_Dataset entries_
--------

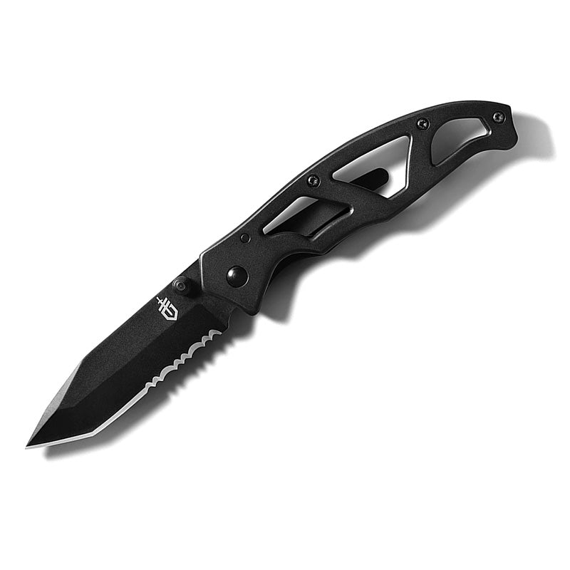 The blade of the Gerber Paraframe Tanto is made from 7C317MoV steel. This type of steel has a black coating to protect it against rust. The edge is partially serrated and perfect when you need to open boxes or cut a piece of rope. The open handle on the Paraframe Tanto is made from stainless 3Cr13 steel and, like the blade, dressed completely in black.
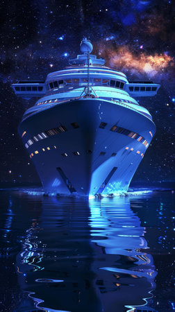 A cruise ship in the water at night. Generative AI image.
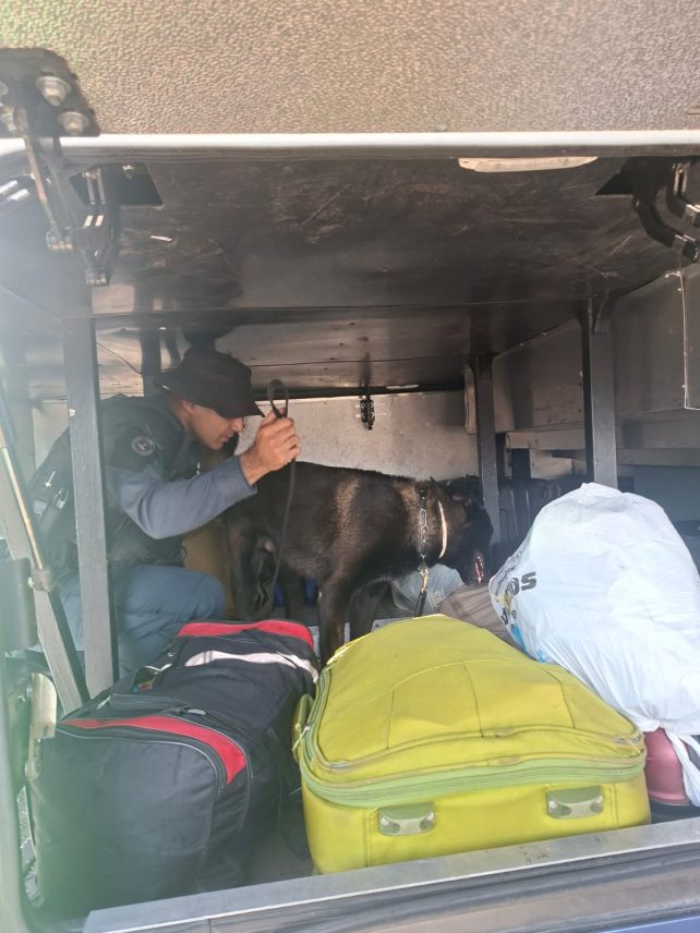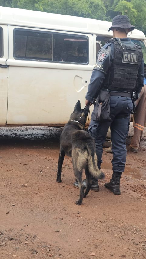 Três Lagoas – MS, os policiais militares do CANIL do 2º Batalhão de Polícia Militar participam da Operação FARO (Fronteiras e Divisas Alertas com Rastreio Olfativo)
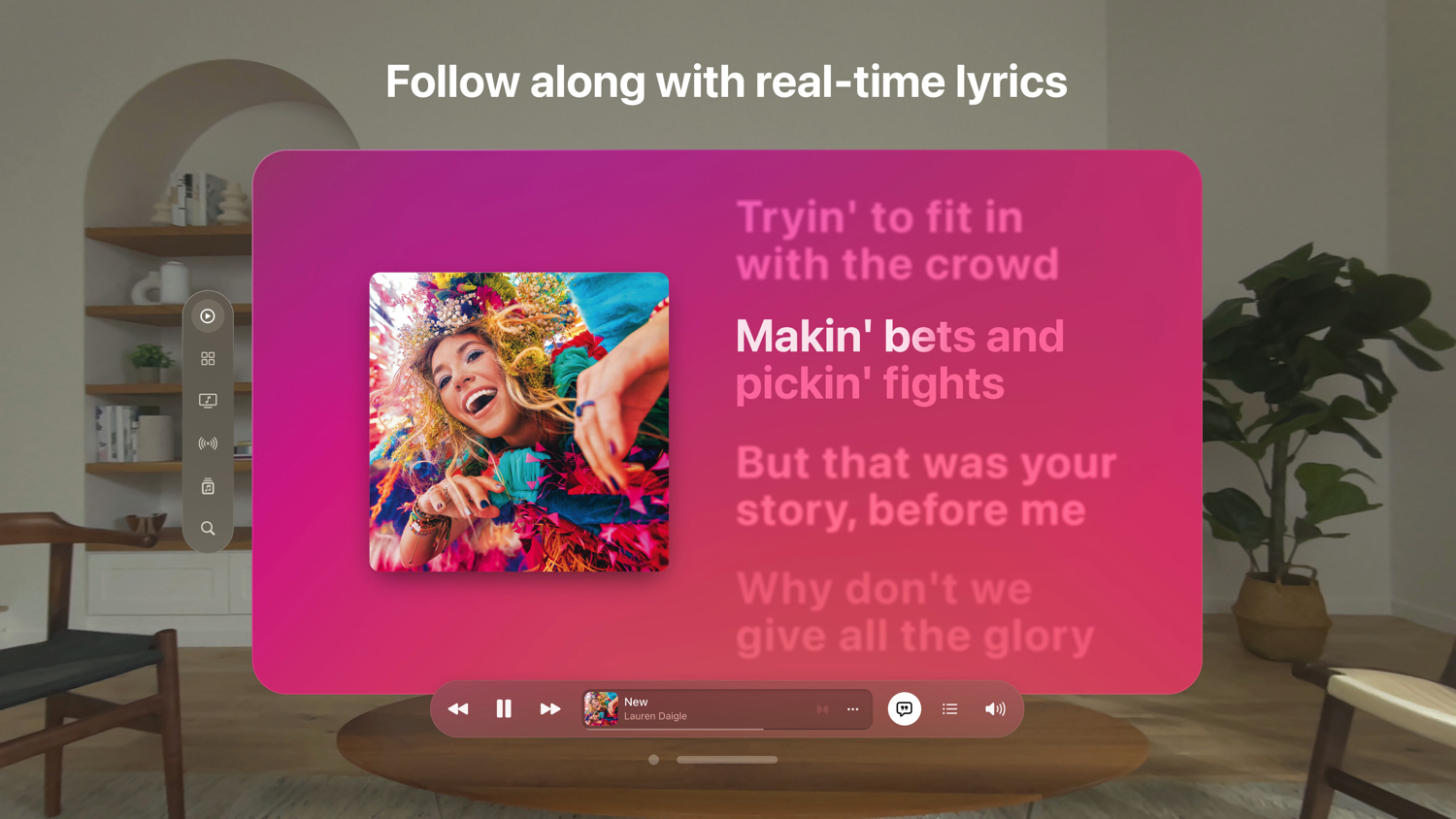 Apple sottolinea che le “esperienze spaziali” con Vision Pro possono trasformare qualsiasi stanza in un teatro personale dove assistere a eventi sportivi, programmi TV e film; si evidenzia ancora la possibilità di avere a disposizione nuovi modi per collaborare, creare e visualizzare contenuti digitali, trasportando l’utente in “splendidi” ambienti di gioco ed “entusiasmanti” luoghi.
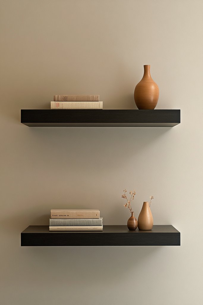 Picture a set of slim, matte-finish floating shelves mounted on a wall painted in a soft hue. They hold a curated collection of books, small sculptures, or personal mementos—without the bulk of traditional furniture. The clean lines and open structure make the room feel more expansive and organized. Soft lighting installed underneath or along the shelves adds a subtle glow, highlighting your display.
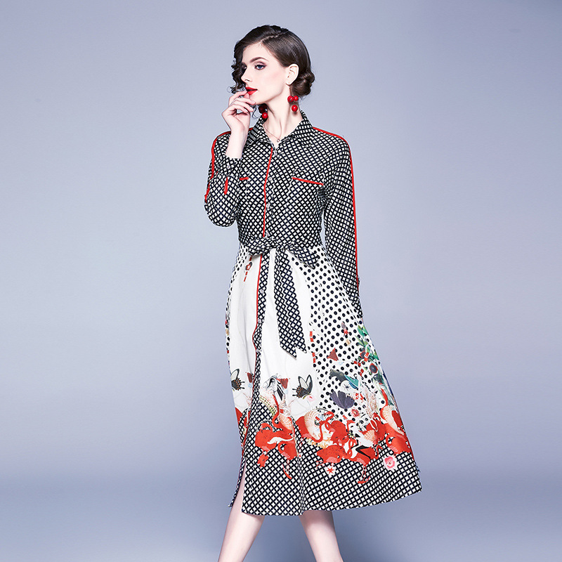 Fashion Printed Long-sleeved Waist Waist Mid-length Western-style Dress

--------

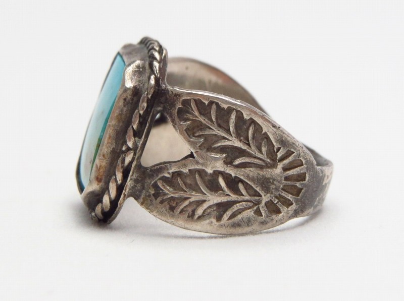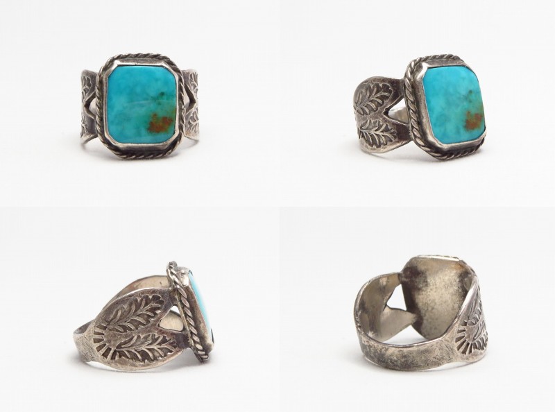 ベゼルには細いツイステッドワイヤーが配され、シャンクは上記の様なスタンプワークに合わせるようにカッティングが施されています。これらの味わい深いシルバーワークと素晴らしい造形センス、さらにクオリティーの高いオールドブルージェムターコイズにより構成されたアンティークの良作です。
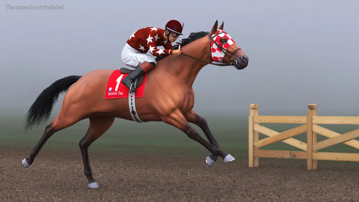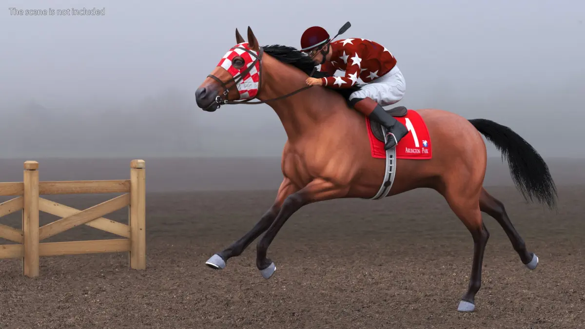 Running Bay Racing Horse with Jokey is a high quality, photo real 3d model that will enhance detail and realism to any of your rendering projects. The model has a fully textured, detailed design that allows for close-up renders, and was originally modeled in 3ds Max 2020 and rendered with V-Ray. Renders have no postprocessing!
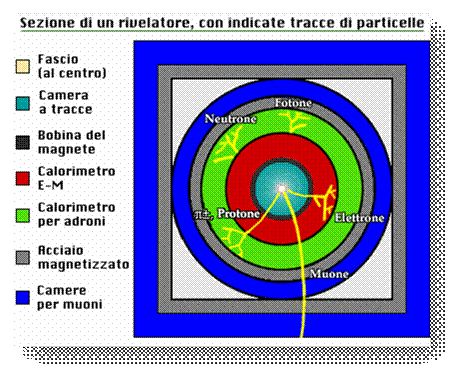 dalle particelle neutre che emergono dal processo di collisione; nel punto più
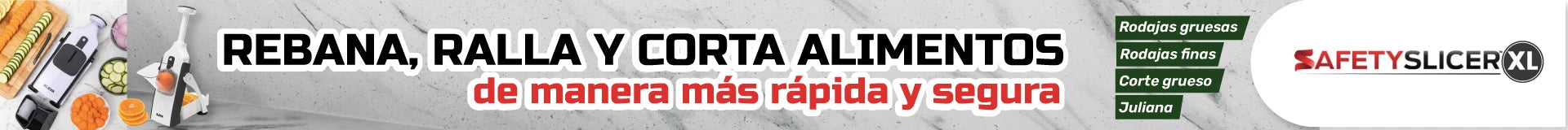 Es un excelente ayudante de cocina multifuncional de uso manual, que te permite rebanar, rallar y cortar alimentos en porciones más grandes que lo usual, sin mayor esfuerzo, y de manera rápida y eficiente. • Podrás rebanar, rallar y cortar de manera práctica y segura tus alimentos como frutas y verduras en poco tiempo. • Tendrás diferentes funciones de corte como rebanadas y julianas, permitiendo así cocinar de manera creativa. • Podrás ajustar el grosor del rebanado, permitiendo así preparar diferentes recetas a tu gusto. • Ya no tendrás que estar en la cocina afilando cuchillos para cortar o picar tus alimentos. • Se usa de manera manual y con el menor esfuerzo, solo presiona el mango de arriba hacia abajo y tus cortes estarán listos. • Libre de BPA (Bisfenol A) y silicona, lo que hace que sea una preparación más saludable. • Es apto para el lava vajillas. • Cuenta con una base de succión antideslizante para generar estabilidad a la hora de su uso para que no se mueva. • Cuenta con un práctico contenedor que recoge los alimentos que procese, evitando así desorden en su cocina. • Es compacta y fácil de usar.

--------

_Problem_
Nothing but the lines above from the one that has "Running Bay Racing" down to the one that has "dalle particelle neutre" belongs in the answer, copied exactly, without pictures.

_Task result_
 Running Bay Racing Horse with Jokey is a high quality, photo real 3d model that will enhance detail and realism to any of your rendering projects. The model has a fully textured, detailed design that allows for close-up renders, and was originally modeled in 3ds Max 2020 and rendered with V-Ray. Renders have no postprocessing!
 dalle particelle neutre che emergono dal processo di collisione; nel punto più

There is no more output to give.